Et là-dessus, il s'est éloigné comme si je n'existais plus.

Je l'ai suivi. Abruti, je l'ai suivi. Nous avons marché pendant je ne sais combien de temps l'un à côté de l'autre, comme deux matelots dépressifs dans la nuit glaciale. Nous avons fini par échouer au bord de la rue de Rivoli, il est monté dans un taxi qui traînait et j'ai fait une ultime tentative, va-tout vibrant d'émotion, misant sur un remords de dernière seconde. Il a claqué la portière sans m'avoir rendu le quart d'un maillon. C'est le seul coup de chance que j'aie eu de la soirée.

Tout enveloppé d'émouvantes pensées d'ivrogne, j'ai regardé s'éloigner le taxi («Va, Hannibal, nos routes ne se croiseront plus, va à ton existence de petit casseur, va à ta misère, je ne saurai jamais ce que tu es devenu»), je regardais s'éloigner le taxi, s'éloigner le taxi – ces choses d'ivrogne, c'est à peu près ce que l'on devrait ressentir toujours en voyant quelqu'un disparaître, aller se fondre à jamais dans le monde; mais sobre, on pense vite à autre chose.

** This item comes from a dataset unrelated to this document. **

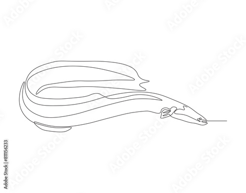 Continuous one line drawing of sea moray eel. One line drawing illustration of sea eel. Marine animal concept continuous line art. Editable outline.

Sur le chemin qui me ramenait chez moi, je suis passé par la rue où j'avais laissé le massacré, riant par avance à l'idée de le trouver toujours assis disloqué à hurler, au voleur. Mais non, il ne restait qu'un peu de son sang, rouge sombre sur le macadam, une trace scandalisée.

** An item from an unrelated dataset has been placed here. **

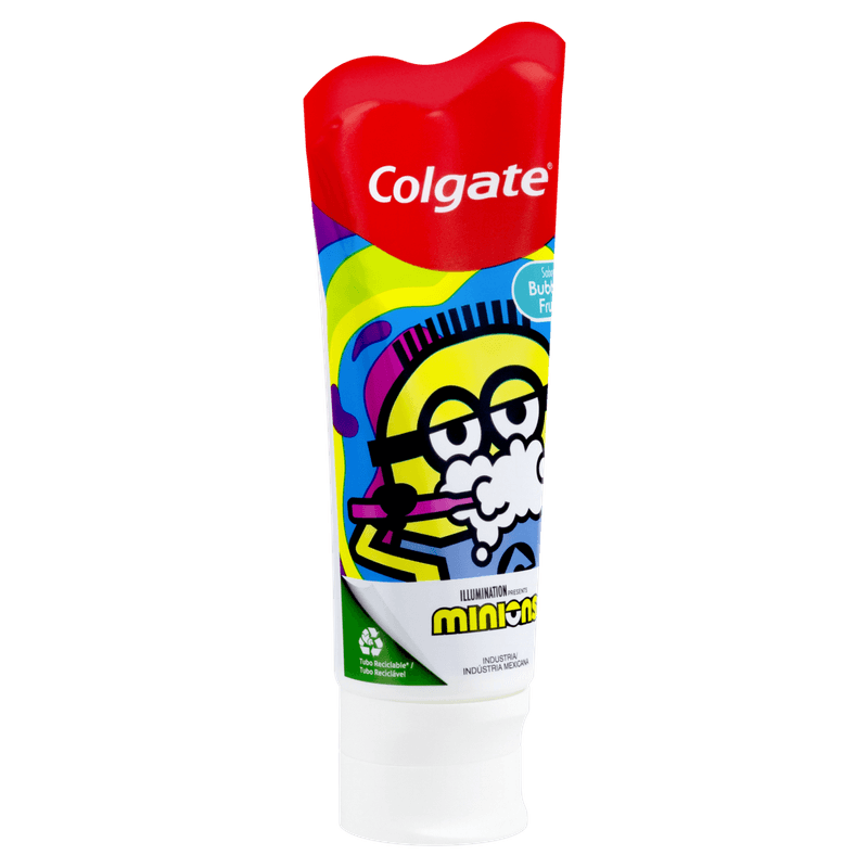 O Creme Dental Infantil Colgate Smiles Minions é apresentado em tubo de 100g, indicado para crianças a partir de 6 anos. Com sabor Tutti Frutti, o produto é desenvolvido para a higiene bucal infantil, promovendo a proteção contra cáries e o cuidado com a saúde da boca de forma suave e adequada para esse público.

À quelques pas de la porte de mon immeuble, j'ai croisé une voiture au ralenti qui bringuebalait et ferraillait de partout. Dix mètres plus loin, elle a freiné brusquement avec un crissement de cinéma. La portière arrière s'est ouverte et j'ai vu en sortir la tête tuméfiée du vieux chauve.

– C'EST LUI!

Oui, c'est moi. Quelque chose dans le ton de sa voix m'a prévenu que je n'allais pas voir sortir de la voiture une hôtesse en maillot de bain qui viendrait déposer un gros bouquet de fleurs à mes pieds en récitant quelque compliment pour louer mon altruisme et mon courage. Pourtant, hein… Il avait la voix d'un fou sanguinaire.

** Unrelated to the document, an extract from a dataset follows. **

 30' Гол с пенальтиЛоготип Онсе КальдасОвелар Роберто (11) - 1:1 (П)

Je m'attendais plutôt à voir surgir un bataillon de mercenaires assassins – en maillot de bain peut-être, mais bon.

Deux personnes blondes sont sorties de la voiture. À première vue, peu aimables. Mais refusant de céder au pessimisme et aux préjugés, je me suis contenté de remarquer deux visages disgracieux: un homme et une femme (je ne l'ai compris que quelques instants plus tard – sur le coup, j'ai vu deux molosses), vêtus de manière à peu près identique, en blouson de cuir noir. Dans mon souvenir, je les revois mâchoires serrées, lèvres retroussées, narines dilatées et frémissantes, front barré de veines saillantes, mais c'est probablement une sorte d'hallucination rétrospective. La femelle avait l'avant-bras droit plâtré. C'était donc le mâle qui allait tenter de me régler mon compte. Je n'avais rien fait de mal, de toute façon. Il ne fallait pas que je m'inquiète, je n'avais rien fait de mal. Je les regardais sans bouger d'un centimètre (car je n'avais rien à craindre).